DEEP COPY is PASS-BY-VALUE …
The context is different, but the process is exactly the same. First remember that in Java method calling, primitives are passed by value, while objects are passed by reference (in other languages, objects may also be passed by value). Now, in Java, when the caller passes a primitive to the called method, the called method simply clones it as a new local variable, which is a deep copy. While if an object is passed, the called method will only make a new local reference to the same object, which is shallow copy. If you understand calling, you understand deep/shallow copy, & vice versa.
Where are you getting this documentation?
The official Java 6 docs on java.sun.com simply have Calendar.clone() returning a copy of the object. No mention of shallow.

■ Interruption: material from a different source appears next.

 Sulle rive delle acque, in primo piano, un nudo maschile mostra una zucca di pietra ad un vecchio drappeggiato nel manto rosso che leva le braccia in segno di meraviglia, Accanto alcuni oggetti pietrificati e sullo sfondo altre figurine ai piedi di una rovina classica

More generally, a shallow copy in Java is one where you get a new object reference but the new object holds (directly or indirectly) references to data in the original.
For example:
class MyClass{
private List<Integer> innerList;
public MyClass(List<Integer> list) { innerList = list; }
//Some code...
public Object clone(){
return new MyClass(innerList);
}
}
returns a shallow copy in its clone().
First of all, the Javadoc of ArrayList is somewhat wrong if we are talking about one-dimensional arrays, as it uses the method copyOf in Arrays. So clone() gives back a one-dimensional copy, at least since 1.5 (I didn't test further)! So that's what "shallow" means in Java: one-dimensional
You can read more here: http://www.javapractices.com/topic/TopicAction.do?Id=3. So clone() is no shallow copy! If you want a real shallow copy of a one-dimensional array, just reference it:
Array a = new Array();
Array b = a; //a is only a shallow copy, nice for synchronisation
Arrays in Java are tricky, also because Java does pass-by-value, but the values of arrays are only their pointers! In the other hand this allows us to synchronize the objects, which is a great thing. Still, there are some problems if you use arrays within arrays (or ArrayLists), because a clone() of the container array (or ArrayList) won't copy their values, only their references! So you simply shouldn't put any arrays into an array, you should only deal with objects in an array!

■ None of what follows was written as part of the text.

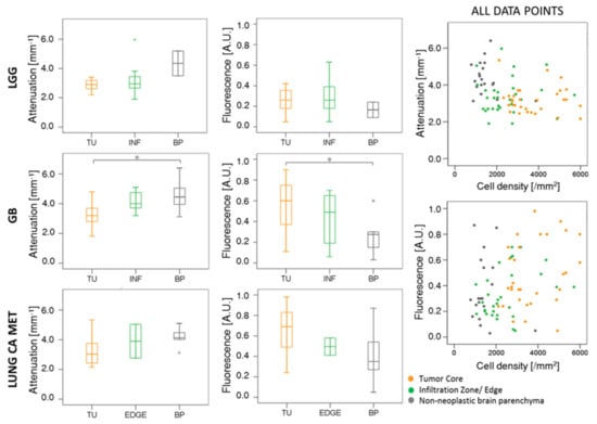Next, attenuation and fluorescence data were compared for the different tumor entities (see Figure 2, Tables S2 and S3). For all three tumor entities, attenuation coefficients decreased while fluorescence signals increased with content of malignant tumor cells. For LGGs, the median attenuation coefficient in non-neoplastic brain parenchyma was 4.35 ± 1.20 mm−1, as compared to 2.95 ± 0.86 mm−1 and 2.90 ± 0.38 mm−1 in infiltration zone and tumor core, respectively. The relative 5-ALA fluorescence intensity was measured 0.16 ± 0.10 in non-neoplastic brain parenchyma, 0.25 ± 0.15 in infiltration zone and 0.26 ± 0.12 in the compact tumor. In the GB cohort, a significant difference between non-neoplastic brain parenchyma and tumor core of both attenuation coefficient (4.45 ± 0.99 mm−1 in non-neoplastic brain parenchyma, 3.20 ± 0.76 mm−1 in tumor, p = 0.04) and fluorescence intensity (0.28 ± 0.17 in non-neoplastic brain parenchyma, 0.60 ± 0.23 in tumor, p = 0.02) was found. For the infiltration/border zone, the attenuation coefficient was intermediate at 4.00 ± 0.71 mm−1 and the relative 5-ALA fluorescence was 0.49 ± 0.27. In the metastatic cohort, the same trends were observed for attenuation coefficients (4.13 ± 0.64 mm−1 in non-neoplastic brain parenchyma, 3.90 ± 1.61 mm−1 in the border zone, 3.03 ± 1.15 mm−1 in tumor) and fluorescence values (0.35 ± 0.28 in brain parenchyma, 0.50 ± 0.12 in border zone and 0.69 ± 0.27 in tumor). The scatter plots on the right-hand side of Figure 2 show attenuation coefficients and fluorescence intensities plotted over cell density independent of tumor entity. Each data point in the scatter plots corresponds to one data set.

And Javadoc is difficult to understand sometimes, so give testing a try...
Have fun!
A shallow copy just copies the object reference into the target reference. It does not create a new object on the heap.
By default, Java does shallow cloning using clone() function.
To get a new object on the heap, one has to perform deep cloning which can be implemented by Serialization and De-serialization.
In a shallow copy,the clone object has a copy of primitive values but the object references refer to the same objects as the original copy.
Shallow Copies have a significant drawback, cloned object and original copy refer to the same address object. Any change that cloned object makes in address object will also be reflected in original copy, which is an unwanted behaviour. What we really wanted is two separate copies of user object. Deep copying comes to our rescue for this kind of situation.
Deep copying clones not just the primitive values, it also creates copies of object references.
You can have a look at working example on this at here :https://codingninjaonline.com/2017/11/09/deep-vs-shallow-copy/
Shallow Copy : In this cloning any changes to Cloned Object is reflected to Original Object also.
Deep Copy : In this cloning a separate cloned memory is alloted which means any changes to cloned object will not be reflected to original object.